For connecting an object having protruding portions protruding reverse to each other in a first direction, a connector includes a housing for guiding the object to an inserted position in a second direction perpendicular to the first direction, a contact held by the housing, and an actuator movable in a predetermined direction with respect to the housing so as to bring the object into press contact with the contact. The housing has receiving portions for receiving the protruding portions, respectively. The actuator has cover portions to face the receiving portions and to cover the protruding portions, respectively, when the object is brought into press contact with the contact. The cover portions respectively having slant surfaces to be engaged with the protruding portions of the object, when the object is located at a position deviated from the inserted position, to force the object towards the inserted position following the movement of the actuator to bring the object into press contact with the contact.

Description

BACKGROUND OF THE INVENTION

This invention relates to a connector for connecting an object such as a circuit board called a flexible printed circuit (FPC) and a cable called a flexible flat cable (FFC).

At first referring to FIGS. 1A to 1C, description will be made of a conventional technique (hereinafter referred to as a “first conventional technique”) disclosed in Japanese Unexamined Patent Publication No. 2000-299153 (JP 2000-299153 A).

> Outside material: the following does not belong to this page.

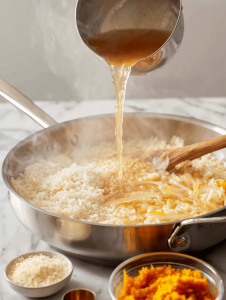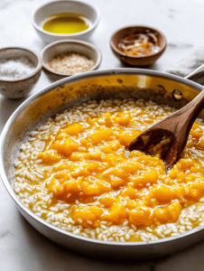 - Add the Arborio rice to the pan, stirring constantly to coat each grain with the pumpkin mixture. Cook until the rice turns glossy and slightly translucent at the edges, about 2 minutes.

As illustrated in FIG. 1B, a connector 11 comprises a connector housing 12 attached to a printed wiring board by soldering or the like, a connector locking portion 13 having one end pivotably supported by the connector housing 12 and the other end rotatable in directions X and Y, and a pair of connector locking members 14 protruding from the other end of the connector locking portion 13 at opposite sides thereof. As illustrated in FIG. 1C, a FFC 16 comprises a cable body 17, a cable connecting portion 18 formed at an end of the cable body 17, and a cable locking protrusion 19 formed at a rear part of the cable connecting portion 18. The cable locking protrusion 19 has a trapezoidal shape as a whole with a pair of triangular portions protruding laterally outward from the cable body 17 at opposite sides thereof.

Description will be made of a method of connecting the connector 11 and the FFC 16.

At first, the connector locking portion 13 of the connector 11 is rotated in the direction X to be put into an opened state, as illustrated in FIG. 1B. Next, the cable connecting portion 18 of the FFC 16 is connected to a connection terminal formed between the connector housing 12 and the connector locking portion 13. It is noted here that the connector 11 and the FFC 16 is connected when the cable connecting portion 18 is completely inserted into the connector 11 to reach a possible innermost position. If the cable connecting portion 18 is not completely inserted into the connector 11 and does not reach the innermost position, i.e., if the cable connecting portion 18 is in a semi-inserted state, the connector 11 is not connected to the FFC 16.

Subsequently, the connector locking portion 13 is rotated in the direction Y to a closed state, as illustrated in FIG. 1A. As a consequence, the connector 11 and the FFC 16 are fixed and the connection therebetween is completed. At this time, if the cable connecting portion 18 is connected to the connection terminal, the connector locking portion 13 can be closed and the connector locking members 14 are engaged with a bottom edge of the cable locking protrusion 19 at opposite sides thereof. Therefore, even if the FFC 16 is applied with an unexpected force, the FFC 16 is not released from the connector 11. On the other hand, if the cable connecting portion 18 is not connected to the connection terminal, the connector locking members 14 are brought into contact with upper surfaces of the triangular portions at the opposite sides of the cable locking protrusion 19 when the connector locking portion 13 is rotated towards the closed state. Thus, in the semi-inserted state, the connector locking portion 13 can not be closed.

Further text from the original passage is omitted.